Когда я морщусь, слёзы и впрямь выступают у меня на глазах – я не плачу, не в коем разе, хотя со стороны, видимо, выглядит именно так.
– Ну-ну, Лёкк, – говорит, заметив это, Стиг; тон его смягчился, окрасился душевностью, – не знаю, чего вы убиваетесь. Вам пока не грозит судьба Хёста, вашего соседа. Не в том смысле, что вы не женитесь, а в том, что не будете прикованы к постели, хотя я не знаю, какое из этих двух зол меньшее, а какое – большее.
Говорит, и тут же посмеивается, всячески демонстрируя, что и впрямь не всё так плохо.
Или же это издевка? Не знаю, что и думать…
А тут он ещё достаёт свой платок, белоснежный, с собственными инициалами, и вытирает мне глаза, точно заботливый сын отцу – чёрта с два удалось бы это ему, будь я в силах! Да ещё и шепчёт что-то про себя, подбадривает: «Вот так, вот хорошо…». В этот миг я всецело уповаю на свою силу воли, не давшую мне сгинуть в тех туманах, что окружали меня на протяжении всей жизни. Тщетно. В душе вспыхивает надежда, вспыхивает и тут же гаснет: я не могу вскочить и схватить доктора за шею, вытрясти из него всякое желание иметь со мной дело, не могу и всё. Я обездвижен, не путами и ремнями вовсе, не своей болезнью… Разочарованием, вот чем. Значит ли это, что недвижим я навсегда?
Когда он наклоняется, я отчётливо вижу в его кармане конверт с именем Хлои, моей дочери. Хоть перед глазами всё плывёт, ошибки быть не может: это её размашистый почерк, буквы с завитушками и чёрточками, – она писала вдумчиво и с нежностью, – но если я не получил его, то оно вовсе не предназначается мне.

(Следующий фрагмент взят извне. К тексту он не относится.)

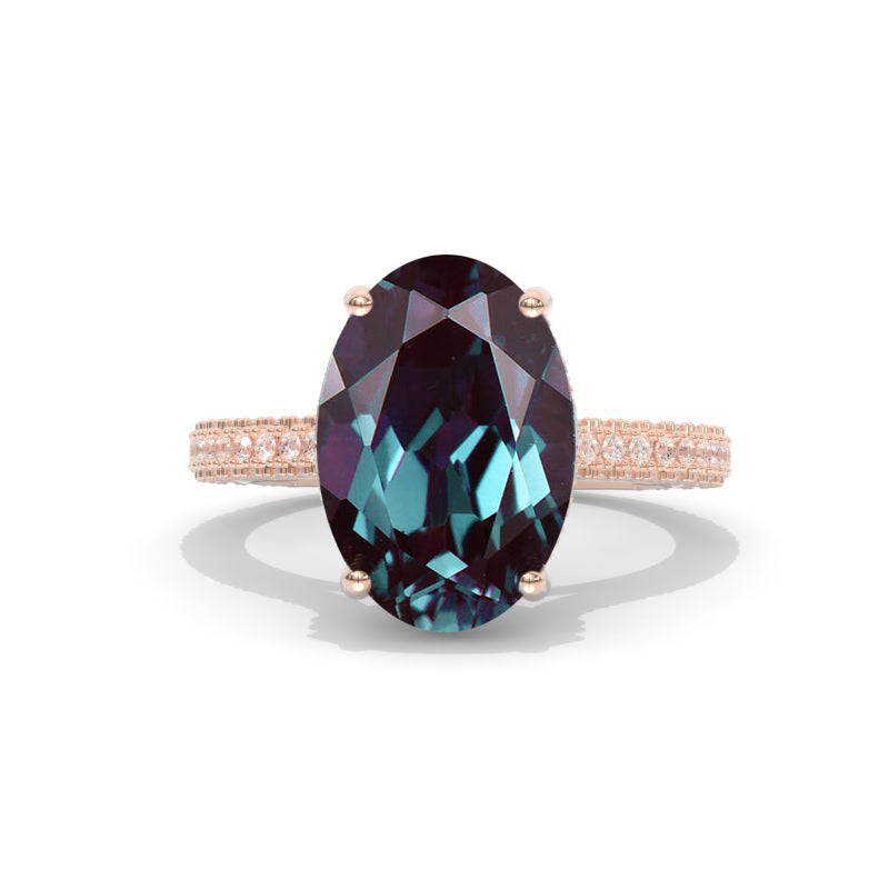 8 Carat Oval Cut 14x10mm Alexandrite Hidden Halo Rose Gold Engagement Ring
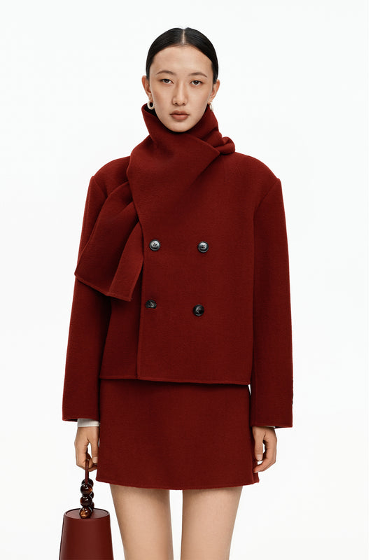 SELFWHO Wool Christmas Red Scarf Collar Coat
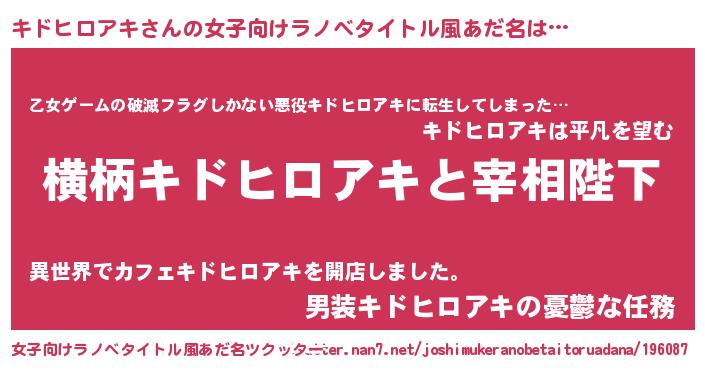 | 男性向けラノベタイトル風あだ名 | 『キドヒロアキに滅ぼされるだけの簡単なお仕事です』 |
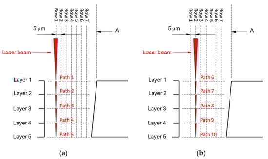 The processing paths are plotted as shown in Figure 3. The vertical direction along the Z-axis of the workpiece was processed first with 20 passes per path. After Layer 1 was processed, the workpiece stage was lifted by 100 µm in the Z-axis direction to process Layer 2. The total number of Z-axis lifts is 4 (5 layers in total). After processing all 5 layers in row 1, the stage was returned to its original position. The focal spot of the laser beam was shifted horizontally by 5 µm to the right to process the following path in layer 1 in row 2. The processing paths mentioned above were repeated until the number of horizontal shifts reach 6 (7 rows in total).
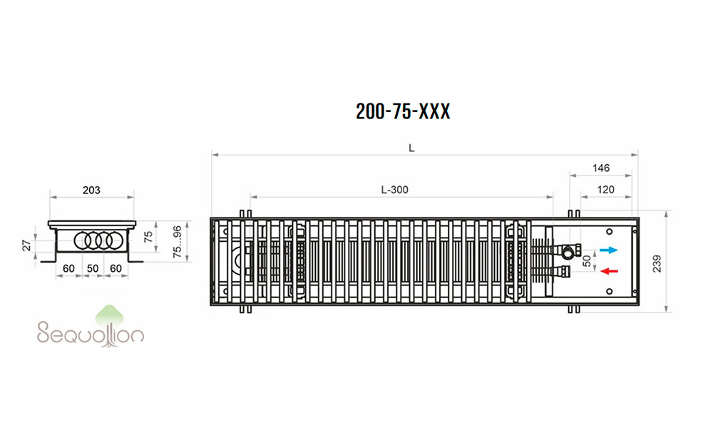 Внутрипольный конвектор HTS с естественной конвекцией (без вентилятора):
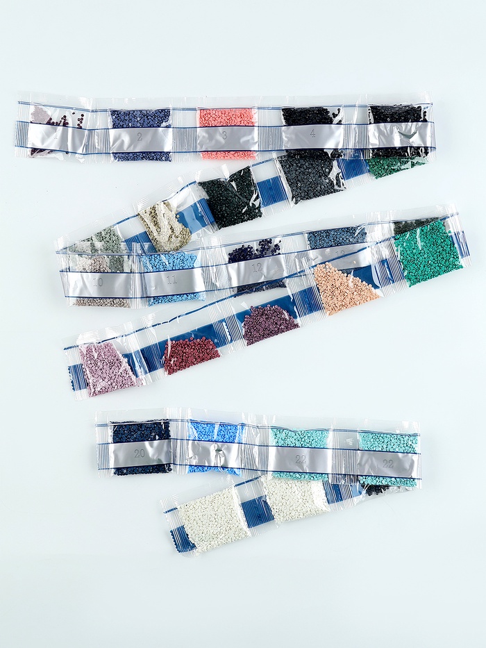 - Из пакетика с номером, который соответствует схеме, отсыпьте в ёмкость немного страз.
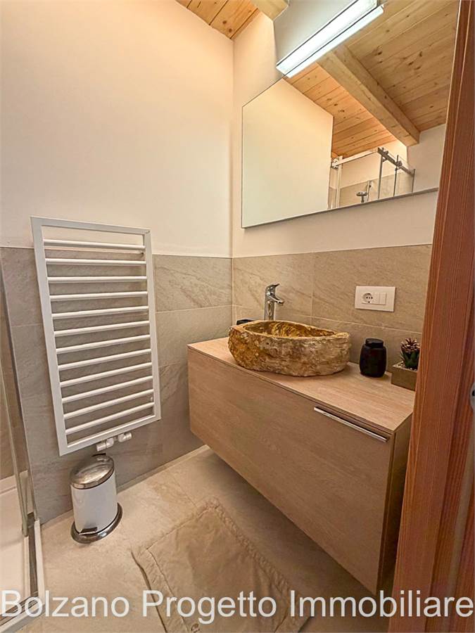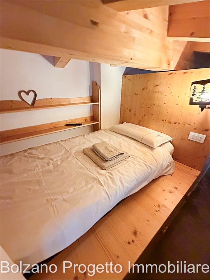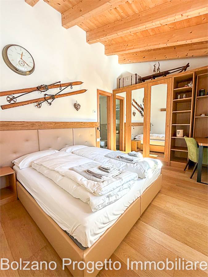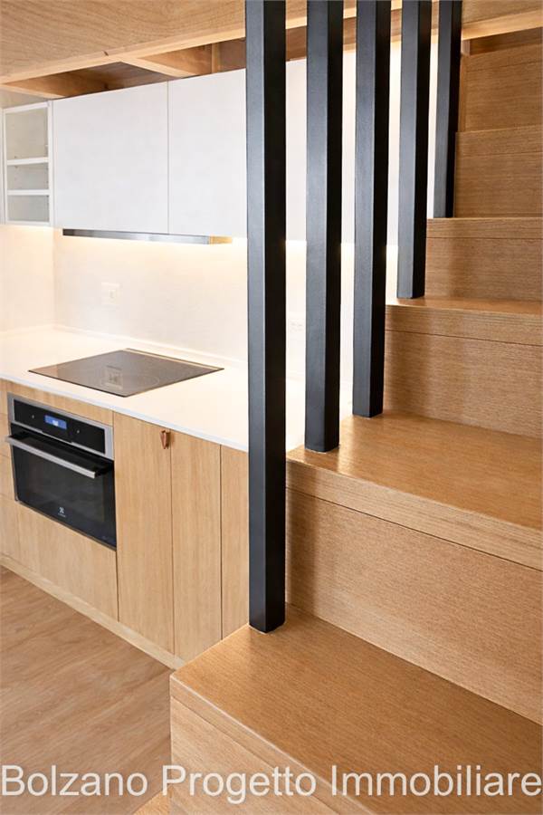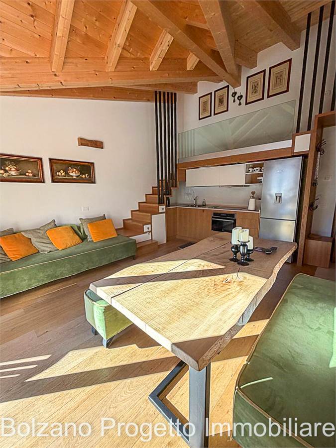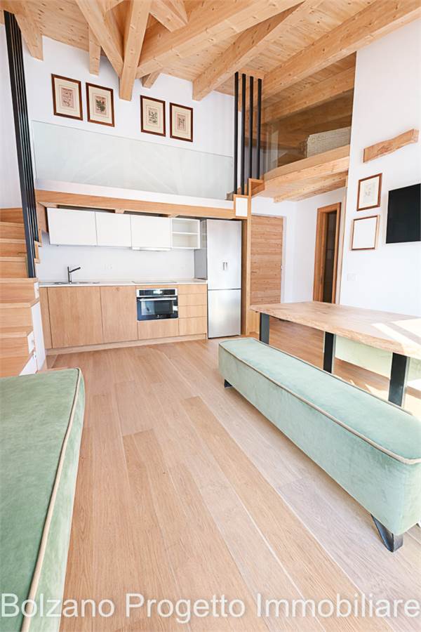Der helle und gut organisierte Wohnbereich umfasst ein Wohnzimmer mit maßgefertigter Kochnische und Zugang zum Balkon mit Blick auf die Dolomiten (UNESCO-Weltnaturerbe). Der Wohnraum gewährleistet Privatsphäre und hohe Wohnqualität zu jeder Jahreszeit.
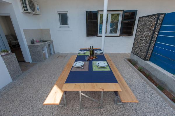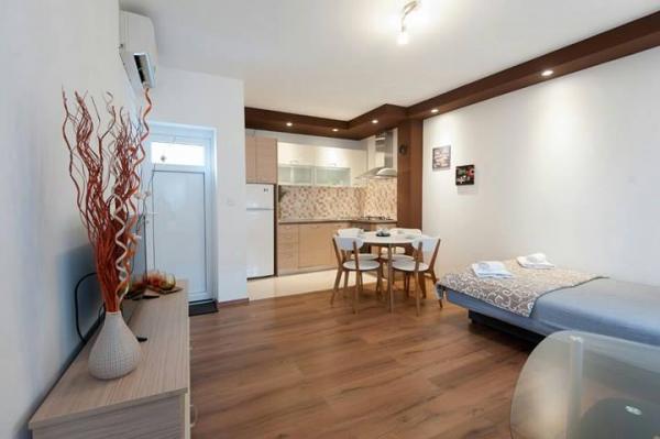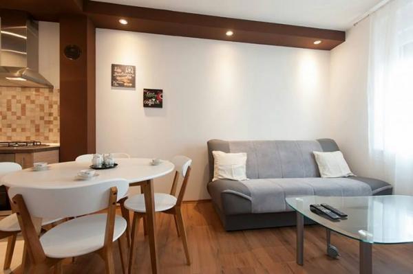 Het appartement is geschikt voor gezinnen, gelegen in een rustig deel van Zadar, omgeven door de natuur. Het appartement beschikt over een aparte kamer met een tweepersoonsbed en de woonkamer heeft een slaapbank. Indien nodig, een extra bed in de kamer. Het is gelegen in een eengezinswoning, met aparte ingang. Het is gelegen op de begane grond, heeft een eigen parkeerplaats, indoor natuurlijke schaduw. Het delen van een overdekt open haard (grill) met gastheren. Gratis wi-fi.

Бессилие тут же сменяется куда более мрачными чувствами, и злость вдруг заливает мне разум, точно горячий воск, но и этому не продолжаться долго – и дикая усталость вдруг затеняет, нивелирует все прочие чувства.
– Значит, ещё похожу… – надрывный вздох из больной груди.
Стиг, вновь неестественно-беззаботно посмеиваясь:
– Есть надежда…
А причину этой надежды не уточняет.
– Когда я буду ходить? – спрашиваю, скрипя зубами.
– Подозреваю, когда сами захотите, – отвечает он.
– Выходит, я сейчас не хочу? Ну-ну…
– Не понимайте мои слова буквально, я только говорю, что более всего ваши силы зависимы от ваших собственных желаний. Чего вы более всего желаете в данный момент?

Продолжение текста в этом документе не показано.